→ **TASK DETAILS**:
Retype nothing but the lines from the start of the material up to and including the line with "Causes and Effects". Pictures don't belong in the copy.

→ **DATA**:
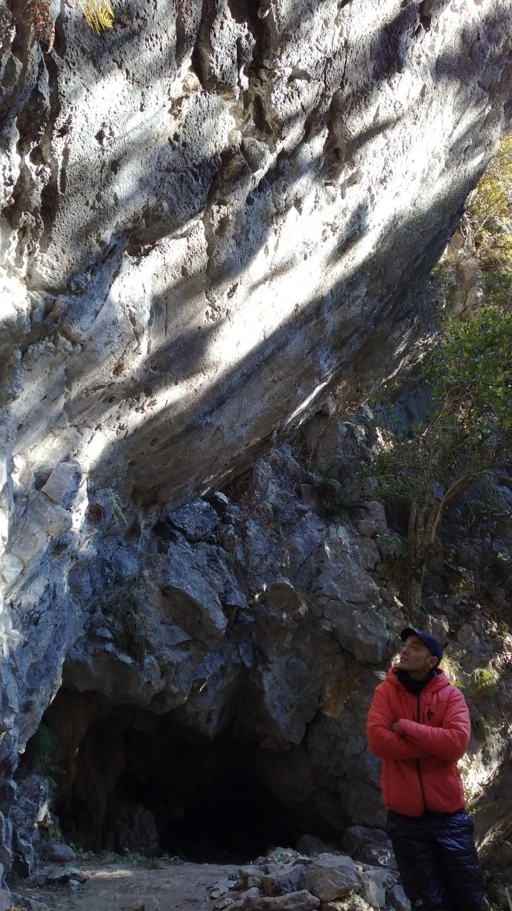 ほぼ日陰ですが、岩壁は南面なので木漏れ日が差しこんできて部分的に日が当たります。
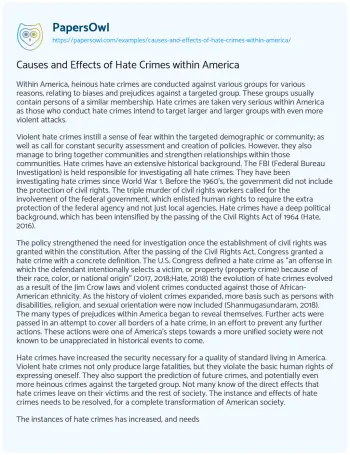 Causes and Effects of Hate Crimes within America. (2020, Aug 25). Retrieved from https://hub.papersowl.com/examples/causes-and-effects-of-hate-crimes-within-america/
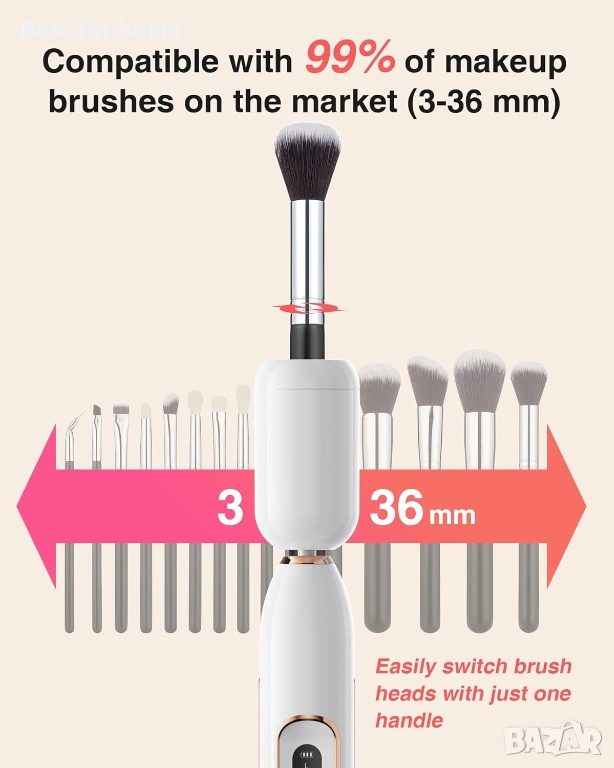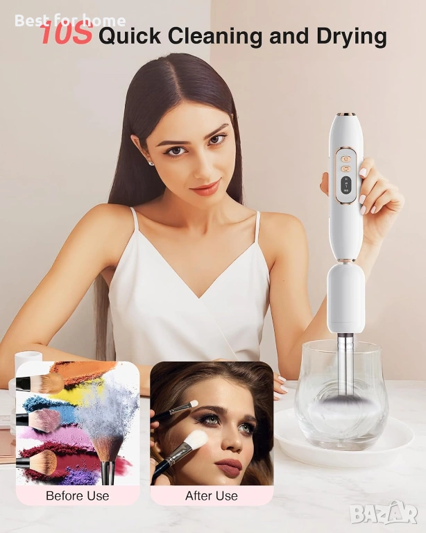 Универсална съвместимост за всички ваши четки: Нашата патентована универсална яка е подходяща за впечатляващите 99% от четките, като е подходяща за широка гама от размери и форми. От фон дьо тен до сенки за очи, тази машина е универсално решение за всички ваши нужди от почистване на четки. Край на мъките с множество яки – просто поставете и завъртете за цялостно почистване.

→ **COMPLETED EXERCISE**:
 ほぼ日陰ですが、岩壁は南面なので木漏れ日が差しこんできて部分的に日が当たります。
 Causes and Effects of Hate Crimes within America. (2020, Aug 25). Retrieved from https://hub.papersowl.com/examples/causes-and-effects-of-hate-crimes-within-america/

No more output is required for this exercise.